To the quality control and quality assurance (QC/QA), 10 mg of sibutramine, fluoxetine, and phenolphthalein were transferred in methanol into a 10 mL volumetric flask to achieve a concentration of 1000 mg/L, and serial dilutions to 20 µg/L with methanol were made. This stock solution was stored in an amber-colored glass vial at −20 °C. The quality control of standard was evaluated with 10 µg/L concentration of the standard prepared separately from the different/same LOT, and the recovery was within 90–110%. For the quality control of samples, an analyte-free matrix was spiked at a concentration of 10 µg/kg, and the recovery was within 80–120%. To study the duplicate sample preparation, unknown samples were taken in duplicate, and the variation was not more than 10%. To evaluate the spiked sample preparation, unknown samples were spiked at a concentration of 10 µg/kg, obtaining a recovery within 80–120%. To check the standards, the same standard 10 µg/kg preparation was injected at the end of the sequence, and the recovery was within 90–110%.

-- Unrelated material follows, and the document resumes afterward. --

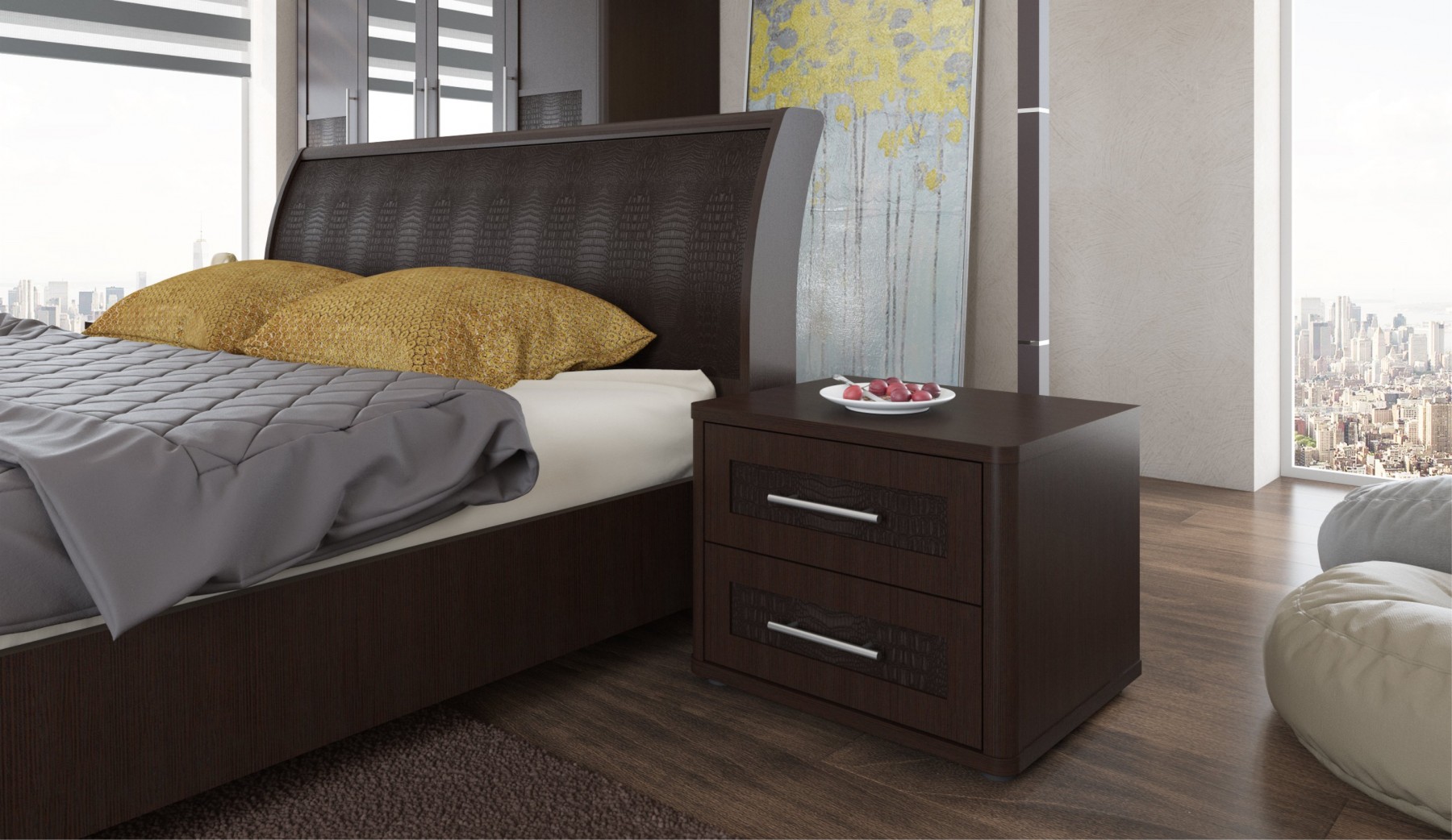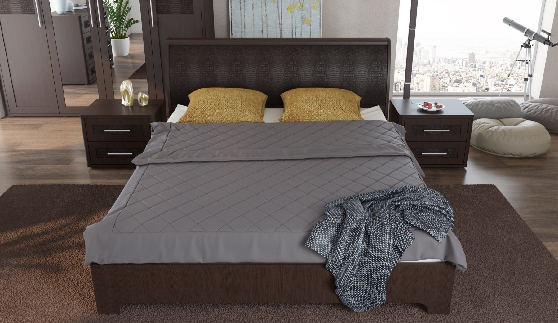 В комплекте: кровать двуспальная, шкаф распашной 2ств., тумба подвесная 2 шт., пенал открытый.

Sibutramine, fluoxetine, and phenolphthalein quantifications were performed using the ratio of the intensity of the two major fragment ions. The peak area ratio (PAR) for each working solution by dividing the peak area of the sibutramine and fluoxetine (AREAsibutramine and fluoxetine) by the peak area of the internal standard (AREAIS) were calculated. Calibration curves from the PAR and the concentration of the standard solutions were constructed. The concentrations of sibutramine, fluoxetine, and phenolphthalein from the unknown samples were calculated by using the following formula: Concentration (mg/kg) = Instrument Con. (µg/kg) × Make up volume (mL) × Dilution Weight of sample (g) × 1000.

4.6. Statistical Analysis

Data analysis was performed using SPSS version 26 Chicago, IL, USA. The qualitative variables were displayed using frequencies and percentages. The incidence of undeclared pharmaceutical chemicals in the weight loss supplements was defined as the proportion of the products that contained significant concentrations of either sibutramine, phenolphthalein, or fluoxetine. For each weight loss supplement containing pharmaceutical chemicals, an estimate of the daily intake dose of each pharmaceutical chemical was calculated as the test concentration of the pharmaceutical chemical (mg/kg) and the manufacturer’s daily instructions for use (g). The Chi-square and Fisher exact tests were used to explore the factors linked to adulteration behaviors. p-values < 0.05 and a 95% confidence interval were set as the criteria for statistical significance.

5. Conclusions

While weight loss herbal supplements offered for sale in the UAE have relatively low percentages of undeclared pharmaceuticals, many people take several different supplements daily and may face quite high levels of combined toxic exposure. Information regarding the dangers presented by such products should be made available to healthcare workers, including practicing physicians, pharmacists, and nutritionists. In addition, more quality and safety checks should be undertaken on these sorts of products and greater controls should be introduced in terms of regulatory regimes, additional research, more education, and better reporting of undesirable outcomes.